ASTI teachers may lose pay rise if proposals rejected
Department warns union failure to co-operate may result in loss of €1,000 pay increase
The Department of Education: its spokesman said the pay rise is available to those who are parties to the Lansdowne Road agreement. Photograph: Bryan O’Brien
Thousands of secondary school teachers may lose a €1,000 pay increase due to public servants if they reject new settlement proposals.
The 18,000 members of the Association of Secondary Teachers Ireland (ASTI) are currently voting on proposals aimed at resolving a series of disputes between the union and the Department of Education.
A €1,000 salary increase is being brought forward from September to April for 250,000 public servants.
While there have been conflicting signals about whether ASTI members would be entitled to the payment, the department has confirmed that a rejecting would lead to the “delay or loss” of this pay increase.
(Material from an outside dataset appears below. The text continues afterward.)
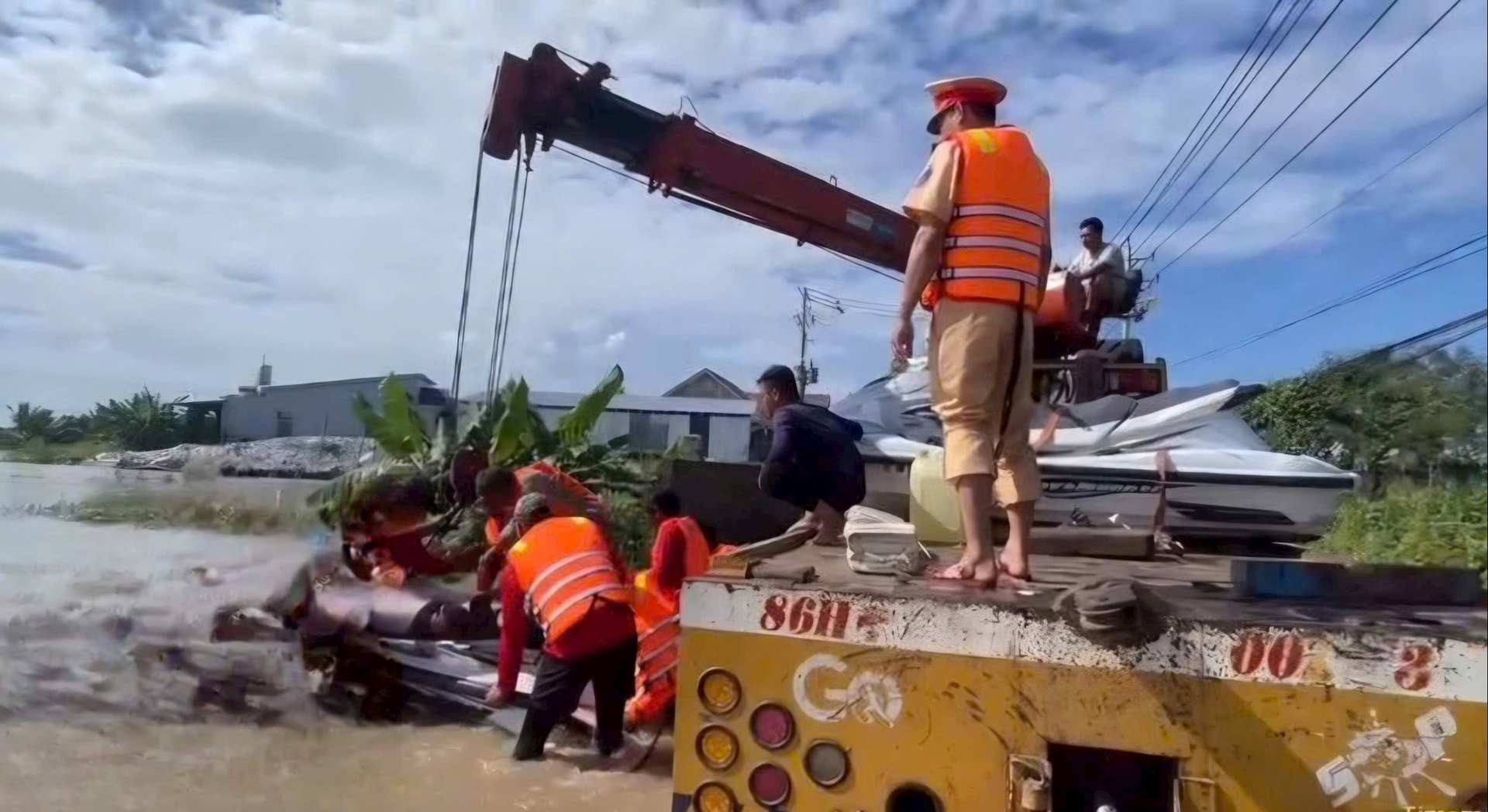 Cảnh sát đường thủy Lâm Đồng đưa mô tô nước đến hỗ trợ người dân ra khỏi vùng ngập lụt

“The pay increase from April to August for public servants which was announced last week is available to those who are parties to the Lansdowne Road agreement,” a department spokesman said.
“The financial and other consequences for ASTI members of failure to co-operate with the terms of the public service stability agreement were formally notified to ASTI in June 2016.”
The spokesman said the union’s leadership was warned at the time that in the event of continuing failure to co-operate in the medium term, “further additional measures may also ensue”.
“Should ASTI continue to fail to co-operate with the agreement, delay or loss of the pay increase of €1,000 due on September 1st, 2017, may also ensue,” the spokesman said.
The Department of Public Expenditure and Reform indicated last year that all public servants would receive the payment regardless of whether they were in compliance with the terms of the Lansdowne Road agreement.
This, it said, was because the payment was provided for by primary legislation (Fempi Act 2015) rather than under the agreement itself.
Meanwhile, ballot papers are being sent out to the union’s 18,000 members, including about 1,300 retired members.
The issue of whether retired members have a vote was a source of debate at the union’s central executive committee meeting last week.
ASTI rules state that retired, or “emeritus members”, cannot vote on issues concerning industrial action.
While union officials argued that retired members were not entitled to vote on the settlement proposals, the union’s president is understood to have argued in favour of extending the vote on the basis that it affected pensions.
The ASTI’s leadership has recommended a No vote to the settlement proposals.